The nine topics and some of the CFPB’s related questions are:

  • Deferred interest products.  As a follow up to the CFPB’s previous finding that such products “can pose risks to consumers,” questions include how market trends and practices have evolved since the 2015 report and what areas of risk still remain for consumers.
  • Subprime specialist products.  In its 2015 report, the CFPB highlighted the risk for consumers created by the reliance of certain subprime credit card issuers on fees.  As a follow up, the CFPB asks how the consumer experience of using such cards compares to the experience of consumers with similar credit profiles when using mass market credit cards.
  • Third-party comparison sites.  The CFPB states that it has received indications that some comparison sites generate significant revenue from issuer payments made in exchange for approved applications and that contracts between sites and issuers can influence or determine which (and how) products and choices are presented to consumers.  Questions include the degree to which consumers understand the benefits and risks of using comparison sites and the degree to which existing standards, practices, and disclosures protect consumers from unfair, deceptive, or abusive acts and practices.
  • Innovation.  The CFPB states that its prior review noted the following innovation trends that could substantially impact the credit card market: (1) advancements in payment security and form factor, including the widespread adoption of EMV standards (i.e., standards for cards with computer chips and the technology used to authenticate chip-card transactions) and the possibility of wider adoption of mobile payments, and (2) the trend toward new consumer lending models potentially competing with credit cards, either indirectly through marketing for debt consolidation or directly at point-of-sale.  Questions include the degree to which either of these trends have advanced in expected or unexpected ways in the past two years and which of these trends appears likely to have the greatest impact on the consumer credit card market in the foreseeable future.
  • Secured credit cards.  With the CFPB observing that it has noted indications of increased secured card originations and increasing interest in the product by new market entrants, questions include what is the current state of the secured credit card market and what evidence supports indications of positive consumer outcomes.

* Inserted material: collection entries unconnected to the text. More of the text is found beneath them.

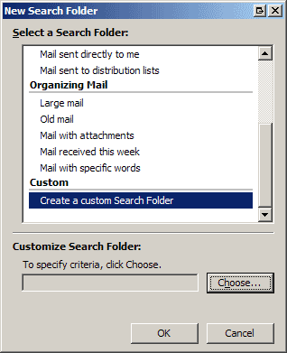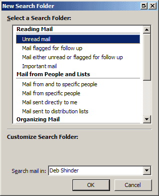2.在New Search Folder对话框中,你可以从列表中选择预先定义好的搜索文件夹,或者建立一个自定义搜索文件夹。可以通过滚动条并单击来选择预定义文件夹。在本例中,我选择Unread Mail。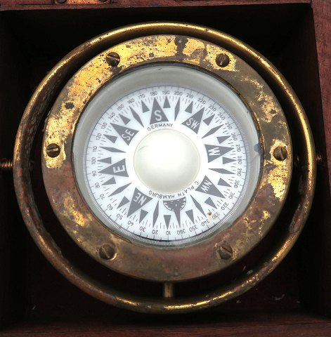 Tysk C. Plath Hamburg skibskompas i nyere kasse af træ med messingbeslag. Kompasset stammer formodentlig fra en ophugnings plads for skibe ude i Østen, og blev monteret i en ikke tilhørende trækasse.
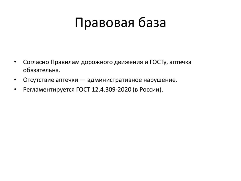 Правовая база• Согласно Правилам дорожного движения и ГОСТу, аптечка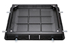 パッキンをふたまたは枠に装着し、ふたの自重によって圧着し、簡易密閉にした構造で、タイルなどの舗装材(充填深さ40mm)を充填することができます。

  • Online and mobile accounting servicing.  The CFPB states that its prior review found that increasing numbers of consumers are enrolling in issuers’ online and mobile account servicing platforms, have opted out of receiving paper statements, and appear to rarely access their statements online.  This results in such consumers rarely encountering required disclosures.  Questions include the extent to which consumers who are making only minimum payments or have a propensity towards making late payments are not encountering disclosures and what other potential benefits or risks a broader shift to digital account servicing presents to consumers.
  • Rewards products.  Noting that its prior review identified areas of concern regarding the impact of rewards on consumer choice and credit card usage, as well as disclosure practices and program structure, questions include how market trends and practices have changed since the CFPB’s prior review and what areas of risk remain for consumers.
  • Variable interest rates.  Noting that its prior review found that most credit cards now have variable interest rates that will rise when market rates rise (something widely expected to happen soon), questions include the extent to which consumers are aware that their interest rates will increase on outstanding card balances when market rates increase and what practices are issuers using to inform consumers of such rate increases.
  • Debt collection.  Noting that its prior review examined the policies and practice of issuers’ collection practices and debt sales, questions include what changes have been made in such policies and practices since the CFPB’s last review, what drove such changes, and what associated metrics changed as a result.